What you are asked to do>
Take the lines of the data below from the very first through the line containing "2004年吴冠中先生在寓所看吴俊达画册时合影" and output them exactly, pictures excluded.

Information provided>
--*--
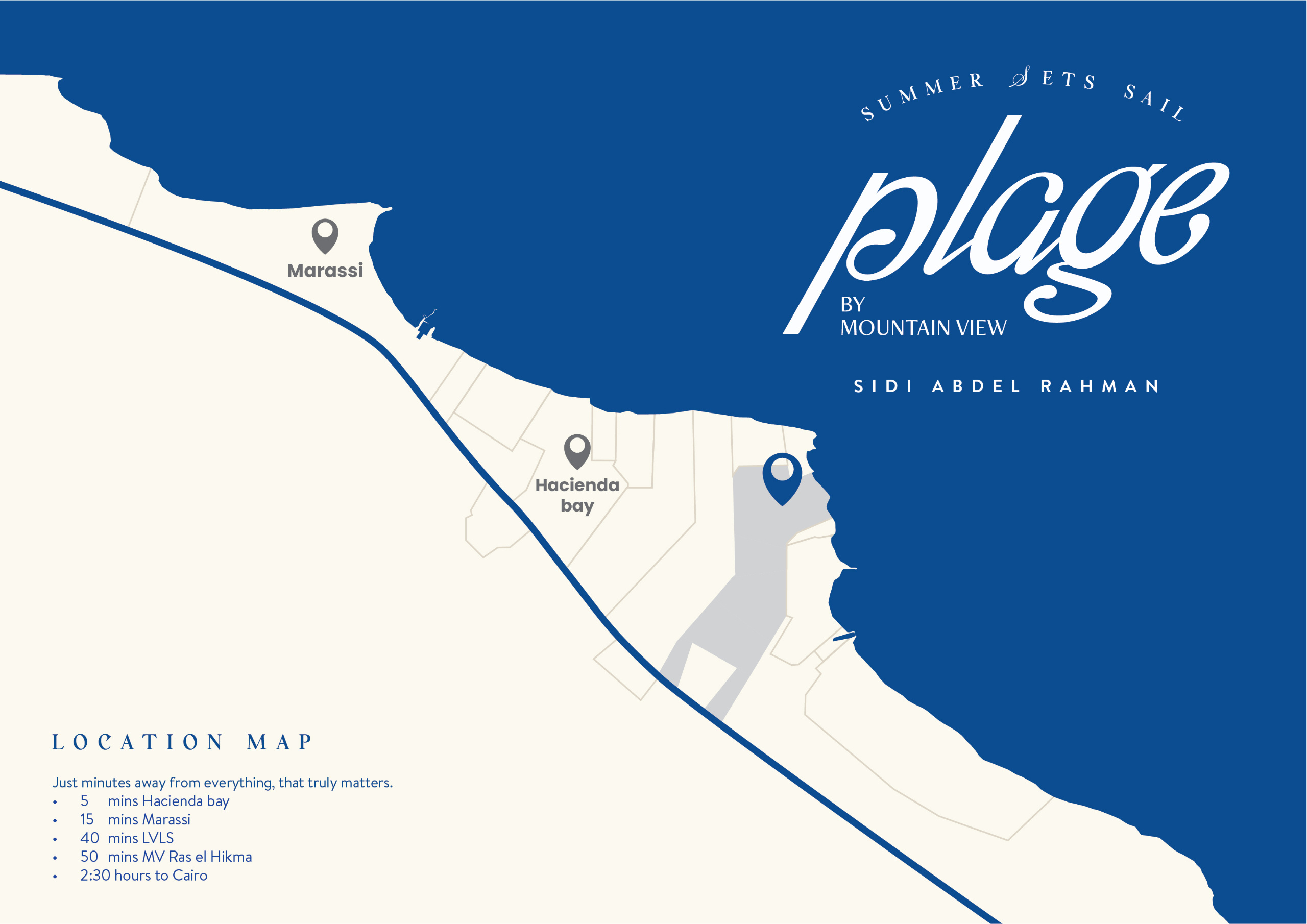 Introducing Wave Plage, a redefined coastal experience in the heart of Plage Sidi Abdelrahman. This exclusive community offers stunning waterfront villas, a private, expansive beachfront, and exclusive access to the Wave Beach Club.From unwinding at the Seafront Hotel to embracing peaceful aquatic experiences, Wave Plage invites you to discover a new way of living by the sea.Welcome to a world where every detail is meticulously crafted to elevate your lifestyle and create unforgettable memories.
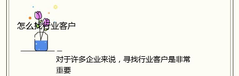 对于许多企业来说,寻找行业客户是非常重要的。这些客户通常是具有高度专业知识和经验的人,他们可以为企业提供更高质量的服务和产品。但是,如何找到这些客户呢?以下是一些方法:
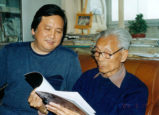 2004年吴冠中先生在寓所看吴俊达画册时合影
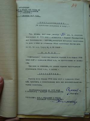 16. Resolution of the 5th department of the UGB UNKVD MO dated December 26, 1937 on the inclusion of A.M. Buman in case No. 8086. certificate from the 8th department of the GUGB NKVD of the USSR about the criminal record of A.M. Buman. for a crime in office.
--*--
Problem solution>
 Introducing Wave Plage, a redefined coastal experience in the heart of Plage Sidi Abdelrahman. This exclusive community offers stunning waterfront villas, a private, expansive beachfront, and exclusive access to the Wave Beach Club.From unwinding at the Seafront Hotel to embracing peaceful aquatic experiences, Wave Plage invites you to discover a new way of living by the sea.Welcome to a world where every detail is meticulously crafted to elevate your lifestyle and create unforgettable memories.
 对于许多企业来说,寻找行业客户是非常重要的。这些客户通常是具有高度专业知识和经验的人,他们可以为企业提供更高质量的服务和产品。但是,如何找到这些客户呢?以下是一些方法:
 2004年吴冠中先生在寓所看吴俊达画册时合影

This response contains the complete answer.